Daaayum. It’s like the city has never dealt with snow before. Like we’re on the West Coast or something and not capable of handling a blizzard. Like we’re living out some scenes from a Will Smith/Dennis Quaid/Morgan Freeman world is ending sort of Hollywood movie. See that sunrise in the first photo? They say that’s a snow day sunrise. Sure, 20 something inches came down, but c’mon New York, I know you’re better than this. What the hell happened? We’re not even in the city to revel in the collective snowpocalypse atmosphere, but still at my parents’ house in the burbs. It’s just quiet here. With nothing to do. Really. Actually, the roads around here are all plowed and we’ve shoveled the car out, but it’s the city that’s the problem. Heard Brooklyn is still a mess – 8pm and the roads are still unsalted and unplowed. Cars are abandoned in the middle of the streets, everything is closed, a garage roof a block away from our house has caved in creating closed roads and more havoc. Craziness. I don’t remember the last time the city was crippled by snow, but as with any natural and unnatural calamities, the internets is going crazy with photos, tweets, eyewitness news reports and general oversaturation of information. Oh, technology. But how else would I know staying out in the burbs is probably a smart idea? This storm is going down in history with the Great Double Tornado of 2010, the Blizzard of 2006, the Blackout of 2004, the Hurricane of 1985, etc. etc.
So what do you do when you’re snowed in?
You make pie. Apple pie with caramelized apple cider. YUM.
You give the kids some leftover dough to play with, but your mom has more fun sculpting things than the kids.
You let the kids discover vintage cartoons on TV. You know, the ones that we grew up watching: Scooby Doo, The Flintstones, Tom & Jerry.

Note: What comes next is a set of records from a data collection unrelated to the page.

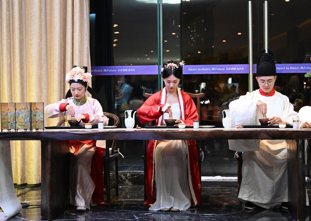 工作人员在亚奥理事会大家庭总部饭店活动现场展示点茶技艺。新华社记者 陈晔华 摄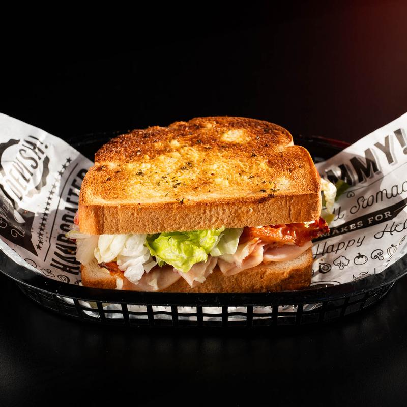 Turkey, bacon, provolone, lettuce, and tomato on garlic Texas toast.
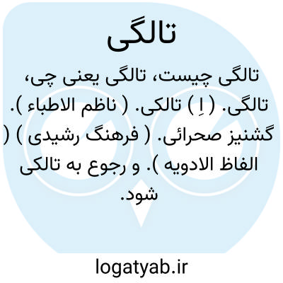 تالگی. ( اِ ) تالکی. ( ناظم الاطباء ). گشنیز صحرائی. ( فرهنگ رشیدی ) ( الفاظ الادویه ). و رجوع به تالکی شود.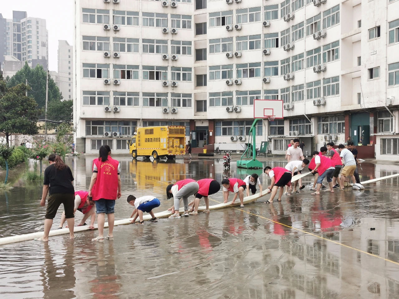 在排涝工作中,工会主席魏义军和总务后勤处处长宋金晓及后勤部门工作人员,发扬连续作战、连夜作战精神,全天候冲锋在第一线,长时间泡在水中工作,付出了辛勤汗水,做出了突出贡献。党政部门、各学生部门、教学部门的主要负责同志也都一直处于防汛排涝现场,在加强学生安全教育管理、协调教学培训活动、排查安全隐患等方面做了大量工作,校内积水问题得到极大改善。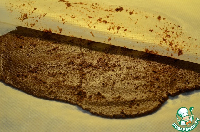 4. Раскатать тесто между двумя пластами пекарской бумаги в пласт высотой 3 мм.

The kids play with their new American Girl dolls that they got for Christmas while you somehow feel defeated by succumbing to American capitalism at its worst. But then you can’t help but be a little too enthusiastic about the gray wool coat that you bought for the dolls and you realize that it’s a lot like your new gray winter coat that you’re wearing these days (oh snap). Oh btw, meet Ivy (Mia’s doll) and Angie (Claudine’s doll).
When all else fails, your dad pulls out his stash of wigs and eyelashes leftover from his wig store including the ones that are custom for Diana Ross, and much to the delight of the kids, proceeds to dress them up like drag queens. Not your idea, his.
And when Claudine casts the eyelashes away, your mom picks them up from the floor and uses them as hair for her leftover pie dough sculptures.